* [Activity]:
Leave out the pictures and retype, exactly, the lines below from the line with "The Rise series" up to and including the line with "Altec Lansing Portable", nothing more.

* [Working data]:
□ □ □ □ □ □ □
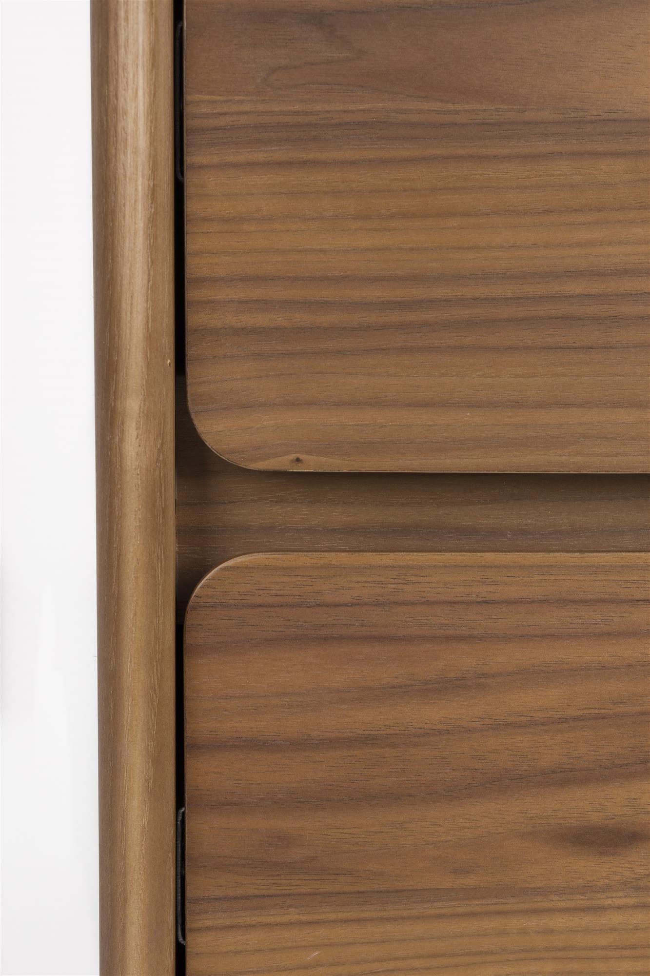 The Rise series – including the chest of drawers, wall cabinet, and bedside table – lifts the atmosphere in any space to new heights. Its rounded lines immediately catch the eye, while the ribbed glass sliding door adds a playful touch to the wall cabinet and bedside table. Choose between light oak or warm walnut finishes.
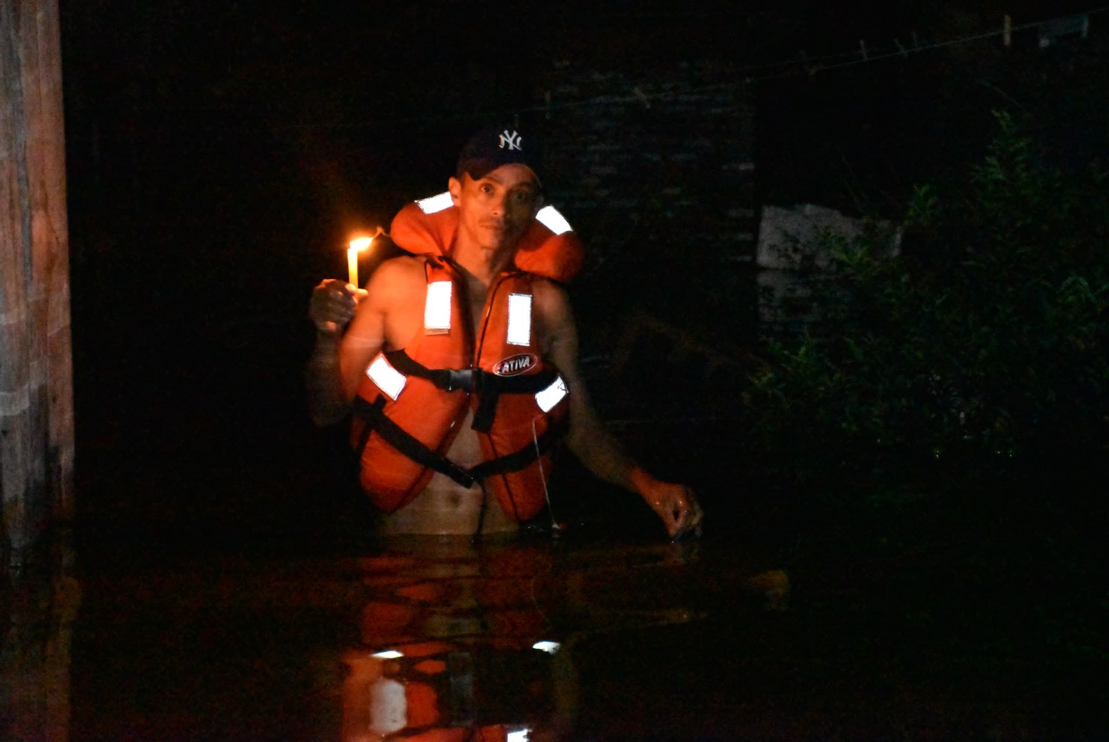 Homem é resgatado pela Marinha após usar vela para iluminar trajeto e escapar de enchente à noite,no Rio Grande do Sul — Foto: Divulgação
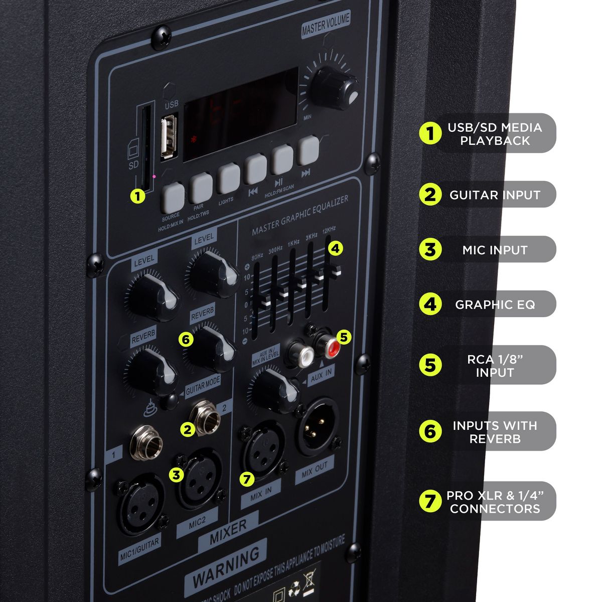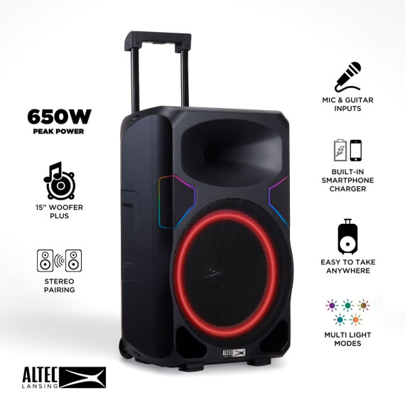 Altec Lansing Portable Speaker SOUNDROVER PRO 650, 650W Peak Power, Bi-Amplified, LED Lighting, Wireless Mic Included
□ □ □ □ □ □ □
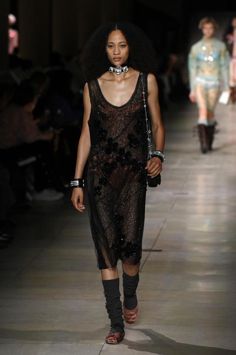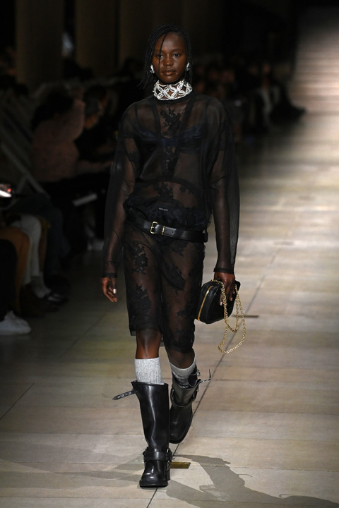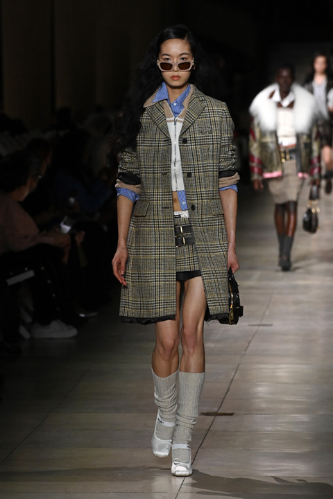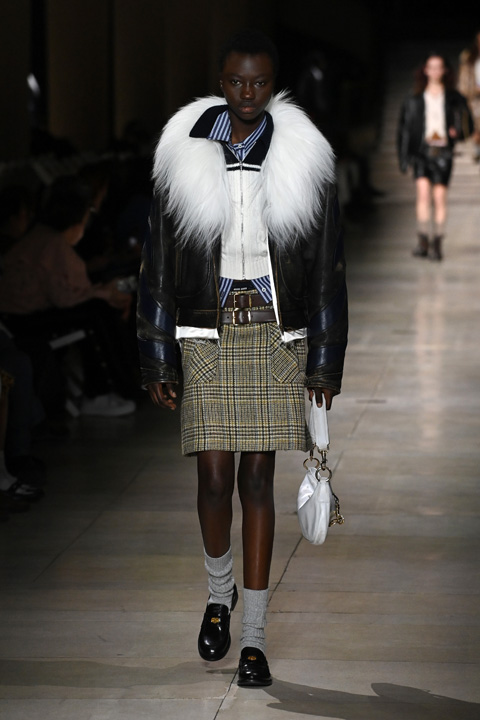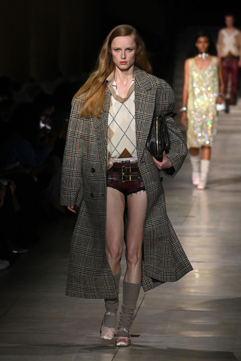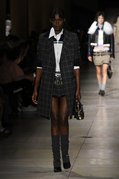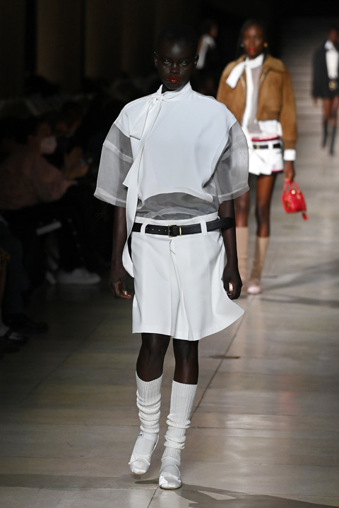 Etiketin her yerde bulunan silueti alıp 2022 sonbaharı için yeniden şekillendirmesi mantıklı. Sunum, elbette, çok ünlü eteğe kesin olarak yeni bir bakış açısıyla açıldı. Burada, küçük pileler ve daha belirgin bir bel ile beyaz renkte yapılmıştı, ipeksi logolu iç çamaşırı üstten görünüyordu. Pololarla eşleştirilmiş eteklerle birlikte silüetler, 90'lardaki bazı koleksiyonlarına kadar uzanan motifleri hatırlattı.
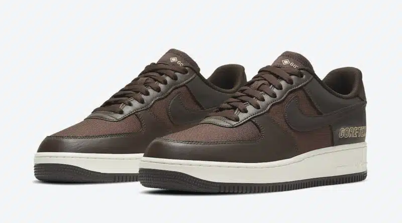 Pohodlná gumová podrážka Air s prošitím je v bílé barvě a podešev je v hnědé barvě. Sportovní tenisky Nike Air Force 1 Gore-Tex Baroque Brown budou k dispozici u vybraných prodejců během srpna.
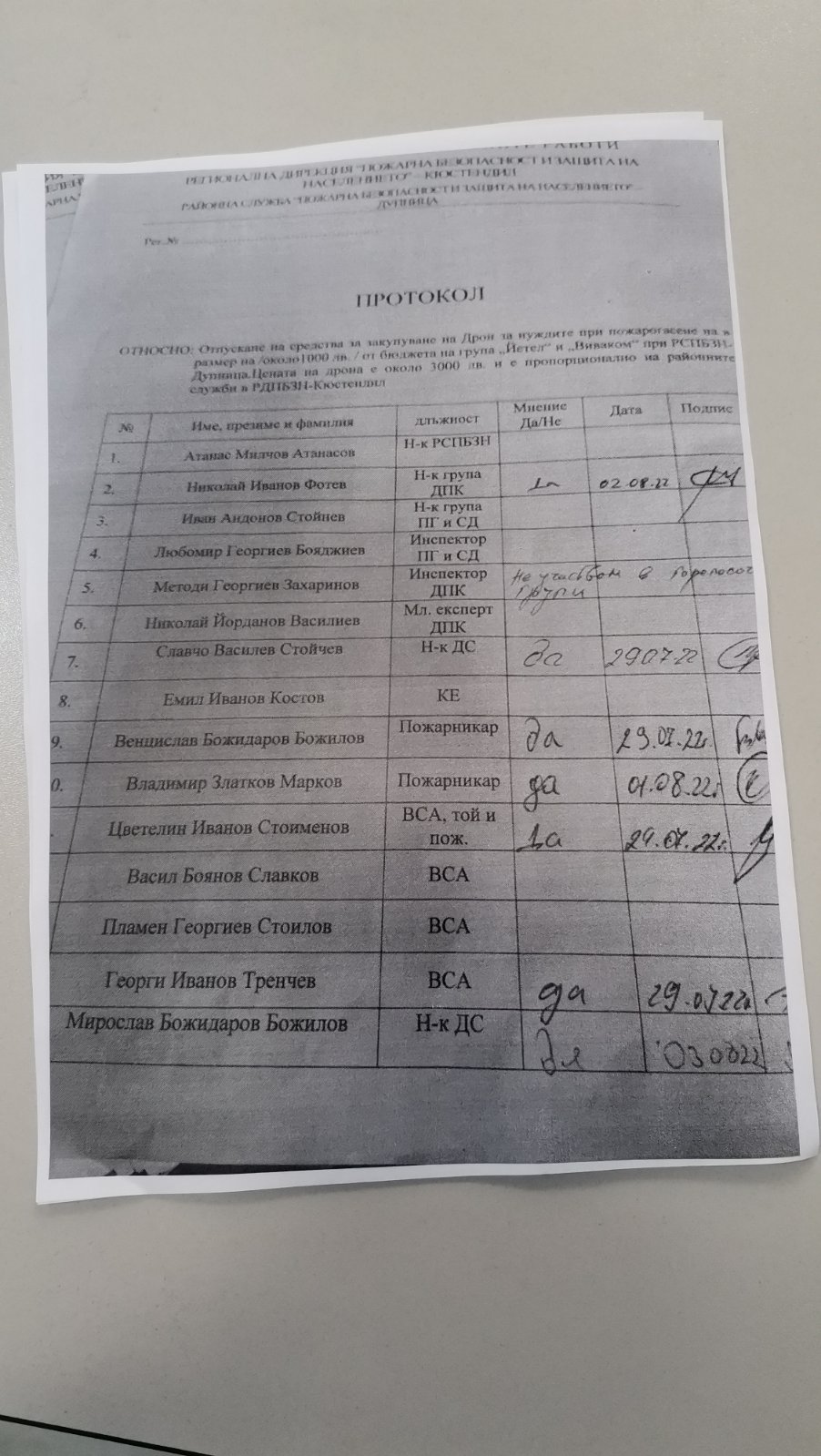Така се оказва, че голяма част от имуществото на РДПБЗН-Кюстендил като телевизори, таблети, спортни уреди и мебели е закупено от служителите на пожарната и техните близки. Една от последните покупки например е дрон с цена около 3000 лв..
□ □ □ □ □ □ □
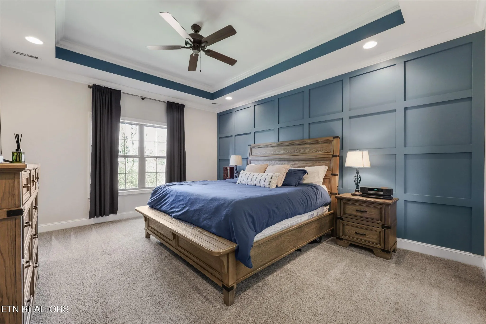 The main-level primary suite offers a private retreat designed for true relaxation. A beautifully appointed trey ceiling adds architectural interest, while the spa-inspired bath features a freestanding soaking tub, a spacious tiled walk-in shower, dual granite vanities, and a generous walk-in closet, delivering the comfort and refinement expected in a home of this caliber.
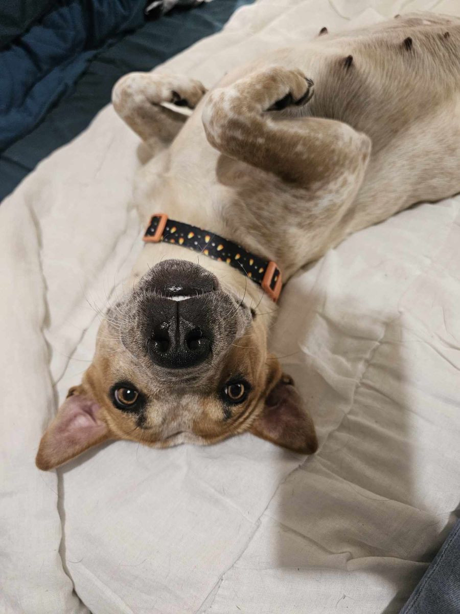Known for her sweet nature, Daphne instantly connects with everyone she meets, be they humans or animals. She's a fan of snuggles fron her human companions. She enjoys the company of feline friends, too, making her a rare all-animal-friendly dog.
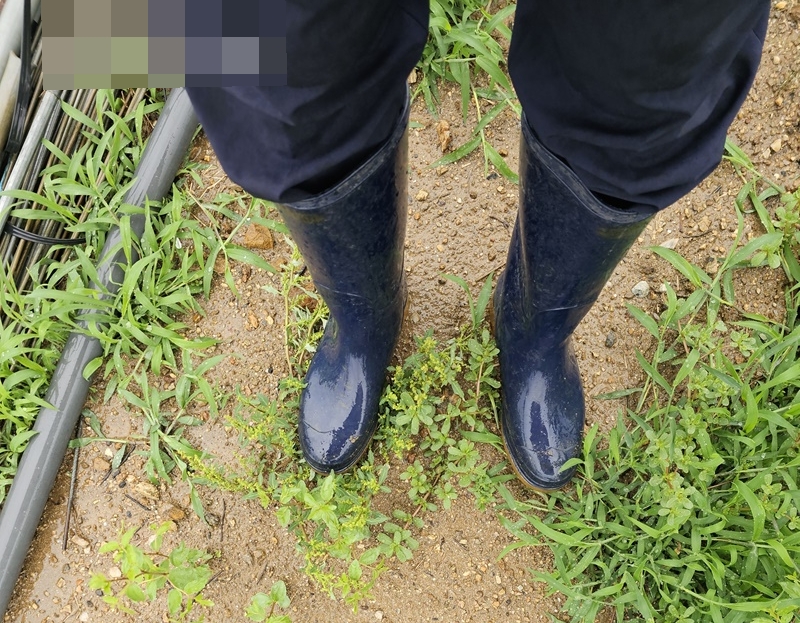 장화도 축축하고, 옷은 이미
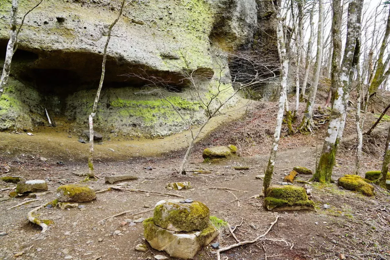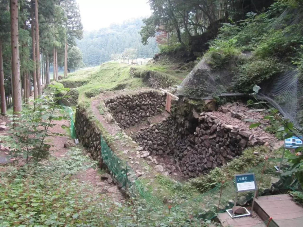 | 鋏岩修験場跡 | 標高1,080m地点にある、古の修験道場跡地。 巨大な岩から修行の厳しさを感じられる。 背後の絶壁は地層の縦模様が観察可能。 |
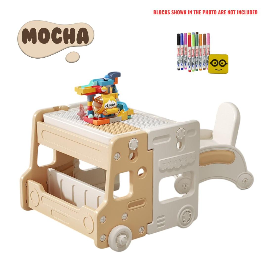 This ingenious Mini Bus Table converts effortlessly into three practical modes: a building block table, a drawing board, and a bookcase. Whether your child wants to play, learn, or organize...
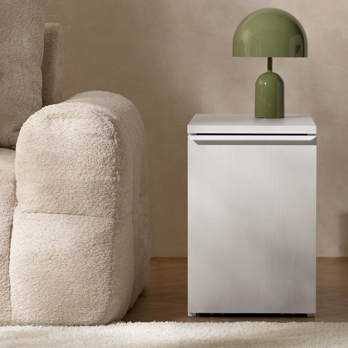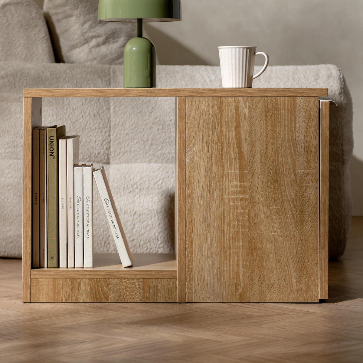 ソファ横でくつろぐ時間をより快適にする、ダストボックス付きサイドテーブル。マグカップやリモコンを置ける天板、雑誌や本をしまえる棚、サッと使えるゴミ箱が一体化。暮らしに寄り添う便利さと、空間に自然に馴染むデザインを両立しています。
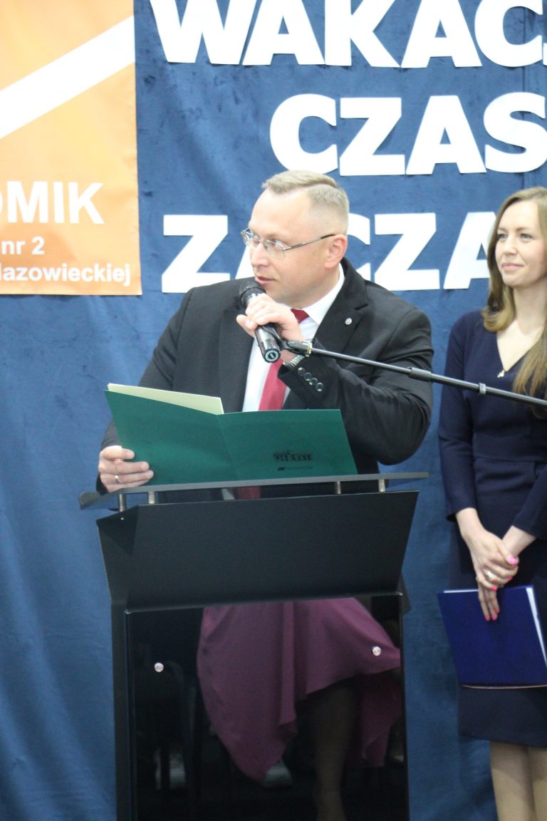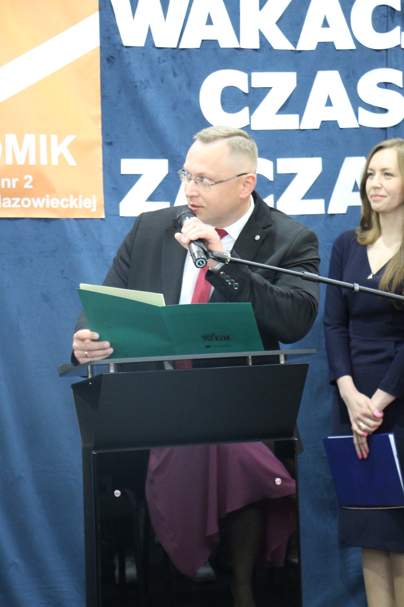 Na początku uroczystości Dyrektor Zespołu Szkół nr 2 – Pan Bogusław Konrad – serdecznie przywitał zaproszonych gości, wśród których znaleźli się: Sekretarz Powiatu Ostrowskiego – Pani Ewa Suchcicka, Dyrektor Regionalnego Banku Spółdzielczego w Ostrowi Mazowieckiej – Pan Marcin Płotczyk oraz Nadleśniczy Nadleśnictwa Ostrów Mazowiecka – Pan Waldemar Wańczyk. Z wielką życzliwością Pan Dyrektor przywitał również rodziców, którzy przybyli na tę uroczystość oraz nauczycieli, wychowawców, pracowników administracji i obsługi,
□ □ □ □ □ □ □
* [Output of the exercise]:
 The Rise series – including the chest of drawers, wall cabinet, and bedside table – lifts the atmosphere in any space to new heights. Its rounded lines immediately catch the eye, while the ribbed glass sliding door adds a playful touch to the wall cabinet and bedside table. Choose between light oak or warm walnut finishes.
 Homem é resgatado pela Marinha após usar vela para iluminar trajeto e escapar de enchente à noite,no Rio Grande do Sul — Foto: Divulgação
 Altec Lansing Portable Speaker SOUNDROVER PRO 650, 650W Peak Power, Bi-Amplified, LED Lighting, Wireless Mic Included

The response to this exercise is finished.